*** DATA ***

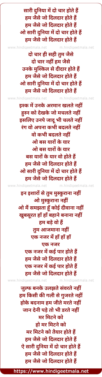 Lyrics of Hum Jaise Jo Dildaar Hote Hain - हम जैसे जो दिलदार होते हैं
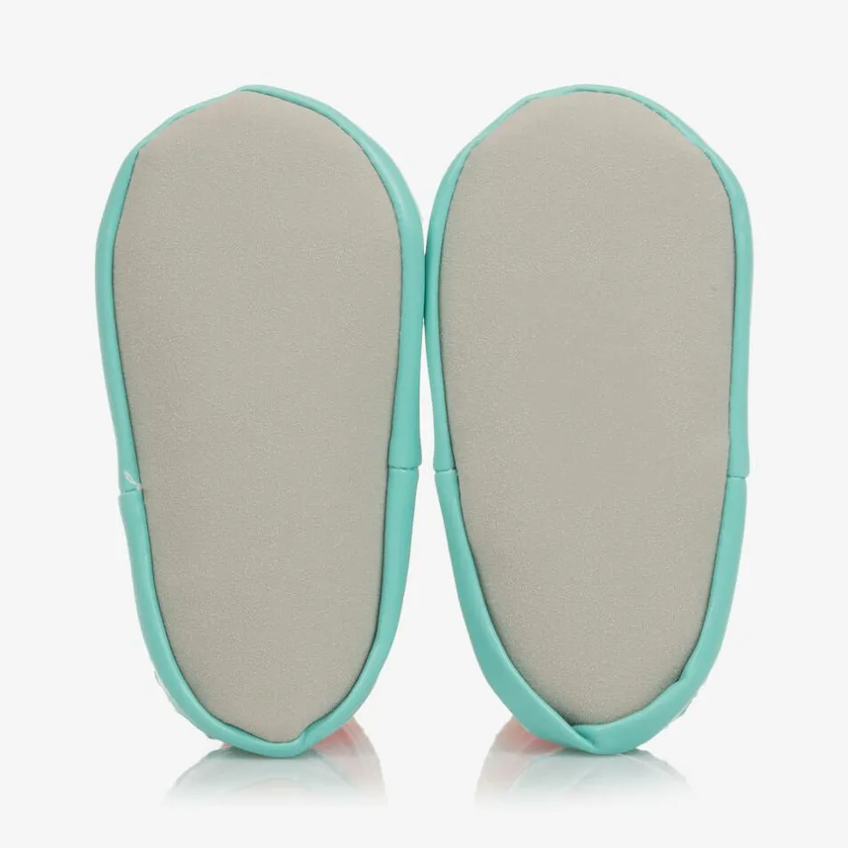 Moccasin slipper socks for younger girls from Powell Craft, in pink and turquoise blue. Great for keeping feet cosy, the base is made from non-slip faux leather and the cotton-rich socks have white polka dots and a grey bear motif.
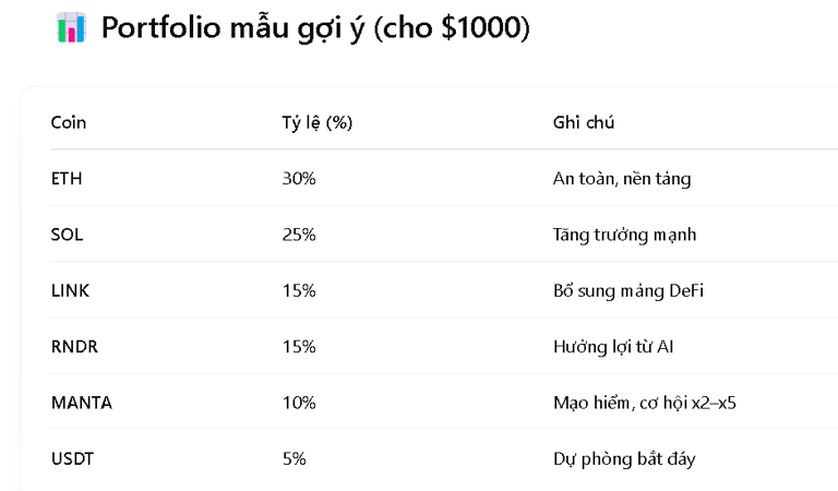 🔁 Có thể linh hoạt điều chỉnh tùy khẩu vị rủi ro. Nếu bạn thích an toàn hơn → tăng ETH, LINK; thích mạo hiểm → thêm các altcoin mới ra mắt.
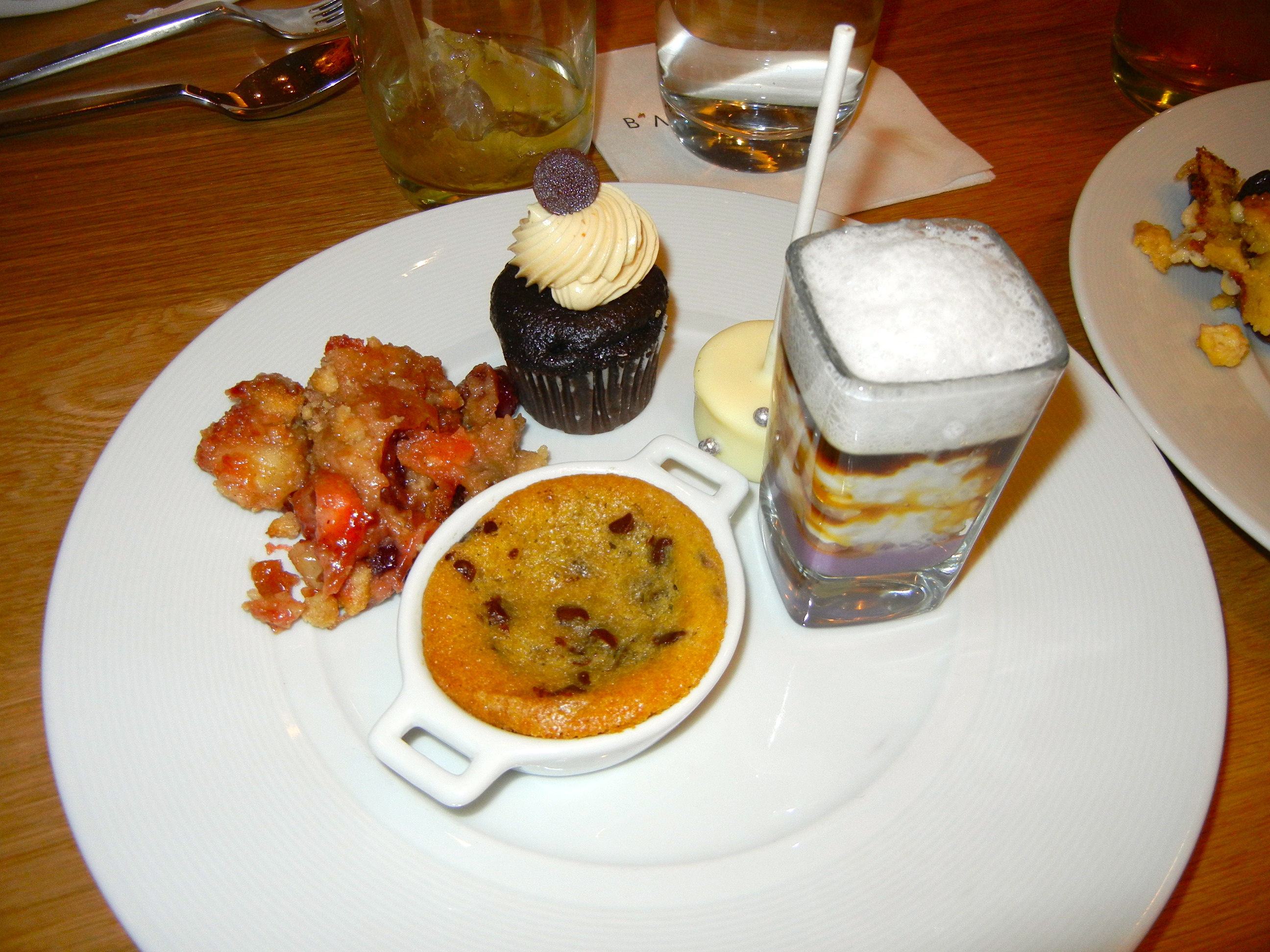 The giant meatball is good, as is the “pizza of the day”, which the chef, interacting with us in the interactive kitchen, proudly told us was his invention, artichokes and sun-dried tomato. Fortunately, I was able to split this with Eve, so that we would have room for dessert.
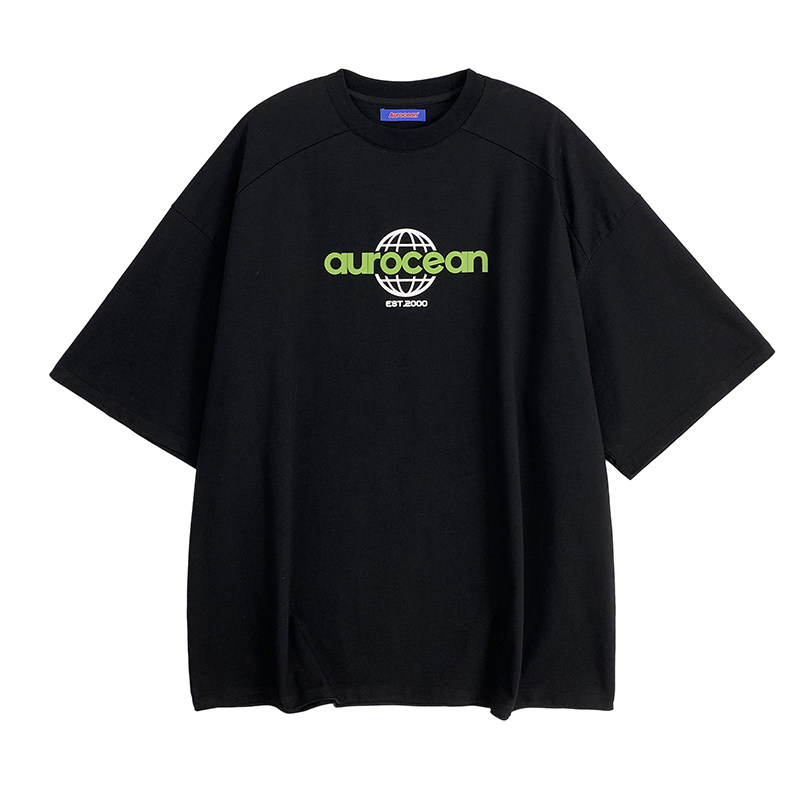 Aurocean 黑色T恤 320克重磅全棉复古机能短袖宽松少年感五分袖 - Aurocean
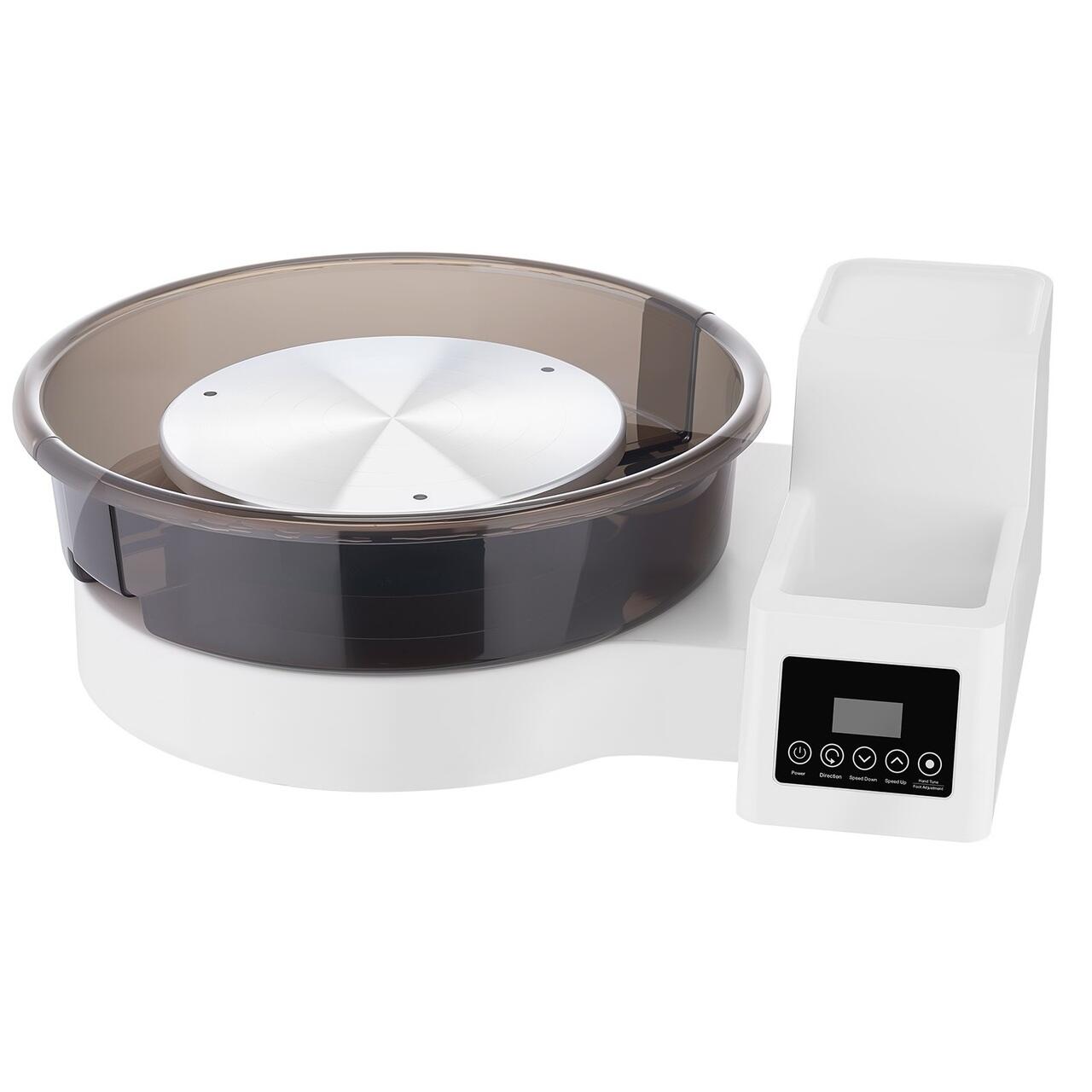 Spatiu de lucru spatios si robust: Ideal pentru incepatorii care tintesc sus, aceasta roata de olar dispune de platouri rotative de 11" si 14" pentru un spatiu amplu de modelare. Motorul de 450 W ofera o putere constanta, manipuland pana la 11 lbs de lut pentru rezultate fine, de calitate profesionala.
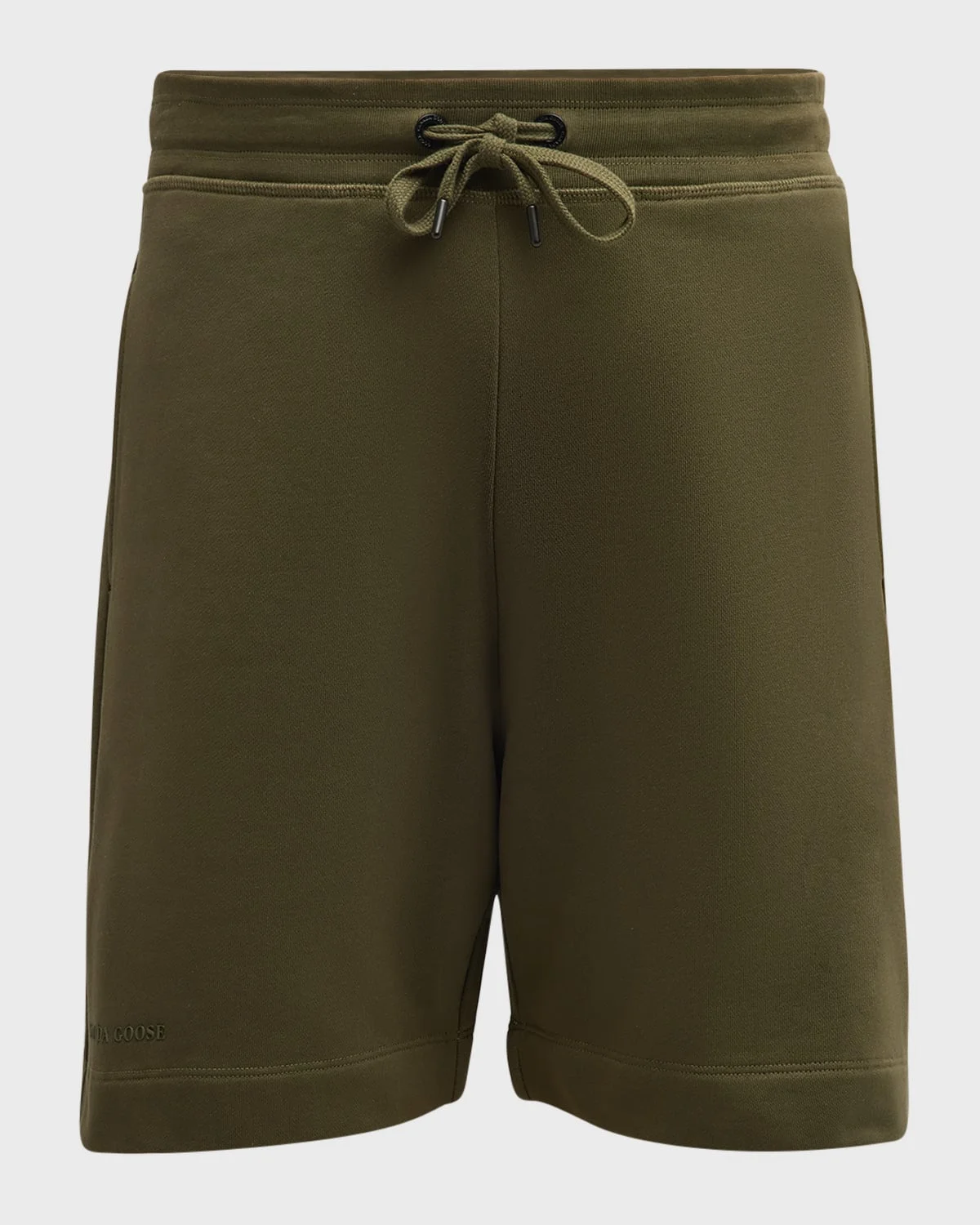 - Made with 100% cotton for softness and breathability, the Huron is your go-to for function and versatility. - Canada Goose "Huron" shorts in medium-weight cotton - Rib-knit waist provides a tailored fit - Drawcord with branded eyelets - Two front hand pockets - One right back pocket - Relaxed legs - Tonal logo at front right hem - Dry clean, machine wash cold, line dry - Made in Italy - Model is 6'1"/185cm.

*** End of DATA ***

* _ACTIVITY_
Repeat every line above exactly, but omit all images.

* _ANSWER FOR THIS EXERCISE_
 Lyrics of Hum Jaise Jo Dildaar Hote Hain - हम जैसे जो दिलदार होते हैं
 Moccasin slipper socks for younger girls from Powell Craft, in pink and turquoise blue. Great for keeping feet cosy, the base is made from non-slip faux leather and the cotton-rich socks have white polka dots and a grey bear motif.
 🔁 Có thể linh hoạt điều chỉnh tùy khẩu vị rủi ro. Nếu bạn thích an toàn hơn → tăng ETH, LINK; thích mạo hiểm → thêm các altcoin mới ra mắt.
 The giant meatball is good, as is the “pizza of the day”, which the chef, interacting with us in the interactive kitchen, proudly told us was his invention, artichokes and sun-dried tomato. Fortunately, I was able to split this with Eve, so that we would have room for dessert.
 Aurocean 黑色T恤 320克重磅全棉复古机能短袖宽松少年感五分袖 - Aurocean
 Spatiu de lucru spatios si robust: Ideal pentru incepatorii care tintesc sus, aceasta roata de olar dispune de platouri rotative de 11" si 14" pentru un spatiu amplu de modelare. Motorul de 450 W ofera o putere constanta, manipuland pana la 11 lbs de lut pentru rezultate fine, de calitate profesionala.
 - Made with 100% cotton for softness and breathability, the Huron is your go-to for function and versatility. - Canada Goose "Huron" shorts in medium-weight cotton - Rib-knit waist provides a tailored fit - Drawcord with branded eyelets - Two front hand pockets - One right back pocket - Relaxed legs - Tonal logo at front right hem - Dry clean, machine wash cold, line dry - Made in Italy - Model is 6'1"/185cm.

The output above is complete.